Scientists have long been intrigued by the question of how the chemical elements are formed in the universe. A major revelation took place in 1939, when physicist Hans Albrecht Bethe at Cornell University and Carl F. Von Weizsäcker at the University of Berlin proposed a mechanism whereby hydrogen is converted into helium in a star. The CN cycle (for the carbon and nitrogen involved in the process) not only explained the conversion of hydrogen to helium, but also showed how energy is released in the process.

The question remained, however, as to how elements heavier than helium can burn, and thus be formed in a star. At one point, George Gamow had suggested a simple and reasonable explanation. The capture of a neutron by one atom could result in the formation of a new atom one atomic number greater than the original. But the problem with Gamow's hypothesis was that it could not be confirmed experimentally. Researchers at Kellogg had demonstrated that no stable mass of 5 or 8 could exist.

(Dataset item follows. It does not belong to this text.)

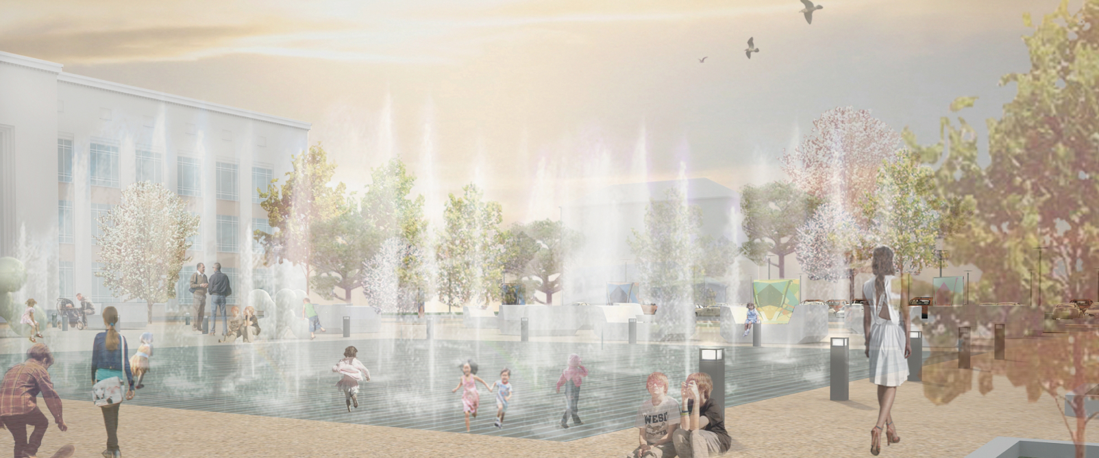 View from above of the landscaped area in front of the cultural and entertainment complex
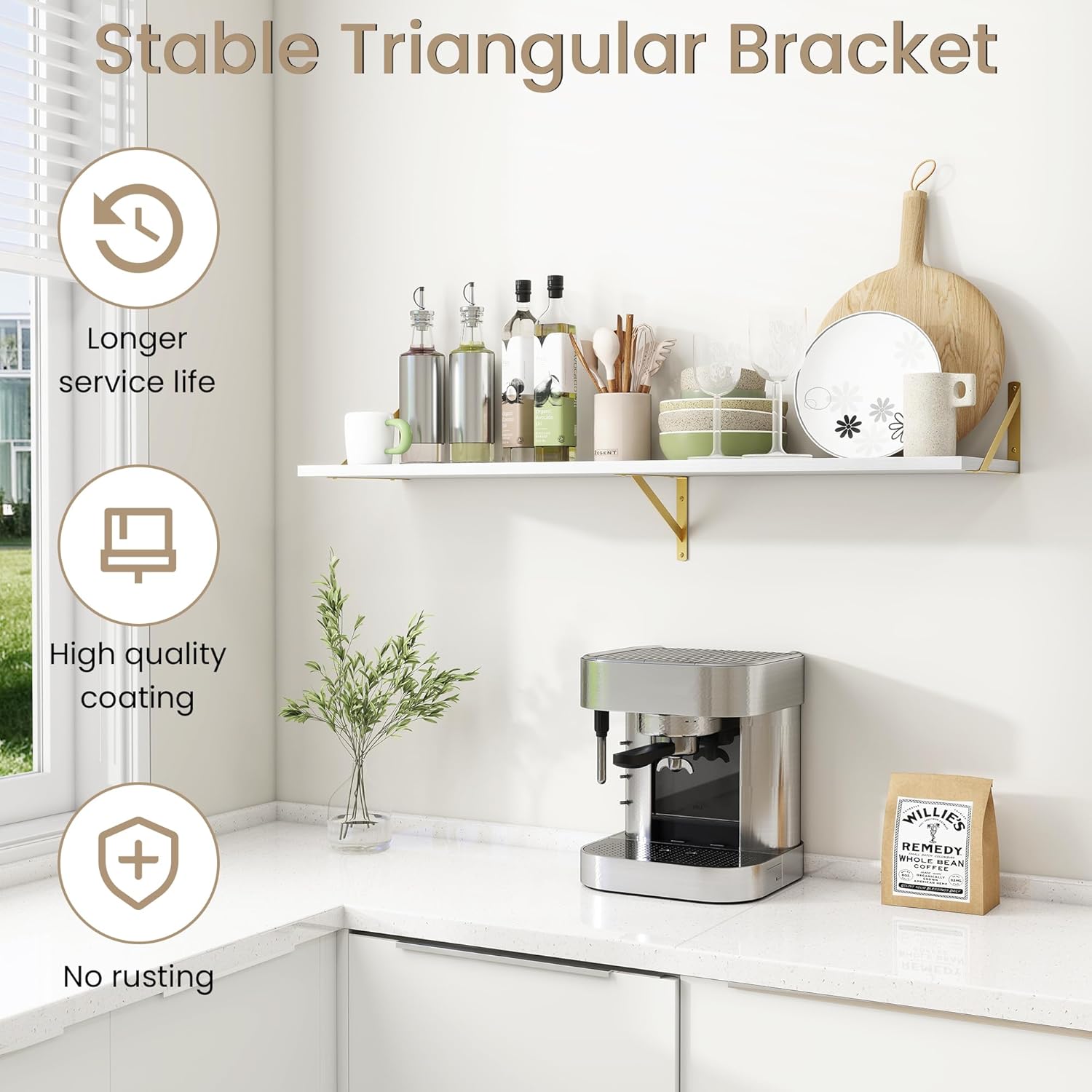 Floating Shelves for Wall, 12 Inch Deep Floating Shelves Set of 2, 48W x 12D Large Wall Shelf with Sturdy Metal Brackets for Living Room, Bathroom, Bedroom and Kitchen, White with Gold Bracket

With these gaps, Gamow's theory became untenable.

By the early 1950s, Fowler had become convinced that the production of heavier elements can take place through the fusion of helium atoms. By 1954, the details of that process were becoming clear. Fowler spent the 1954-55 academic year at Cambridge University working with the eminent astrophysicist Fred Hoyle and the husband and wife team of Geoffrey Burbidge and Margaret Burbidge. Together, the four researchers identified a process whereby helium can be converted to carbon, carbon to iron, and eventually iron to the heavier elements (by neutron capture).

In 1975, Fowler, Hoyle, and the Burbridges published one of the classic papers of modern science, "Synthesis of the Elements in Stars," which often referred to the authors' initials as B₂FH. The ideas presented in the paper were the basis for the Nobel Prize committee's decision to award a share of the 1983 physics prize (along with Subrahmanyan Chandrasekhar ) to Fowler.

The mechanisms by which elements are formed in the universe continued to dominate Fowler's research agenda for another two decades. Working often with Hoyle, he developed hypotheses about the formation of elements in bodies other than stars, such as the recently discovered radio galaxies. He also became increasingly interested in the study of neutrinos and other astronomical phenomena.

Fowler, was in great demand as a lecturer and visiting scholar. He was been a Fulbright lecturer and Guggenheim Fellow at the University of Cambridge twice, in 1954-55, and again in 1961-62. Fowler also lectured at St. John's College, the University of Washington, the Massachusetts Institute of Technology, and the Institute of Theoretical Astronomy at Cambridge. He received honorary doctorates from the University of Chicago, Ohio State University, Denison University, Arizona State University, the University of Liège, and the Observatorie de Paris. Fowler's other honors include the National Medal of Science, which he received in 1974, and the Légion d'Honneur, which he received in 1989. In 1970, he was named Institute Professor of Physics, a position he held until his retirement in 1982.

Fowler was married to the former Ardiane Foy Olmsted on August 24, 1940. They had two daughters, Mary Emily and Martha Summers. After his wife died in 1988, he married again. He died on March 14, 1995, at Huntington Memorial Hospital in Pasadena.

Fowler died of kidney failure, on March 14, 1995, in Pasadena, California.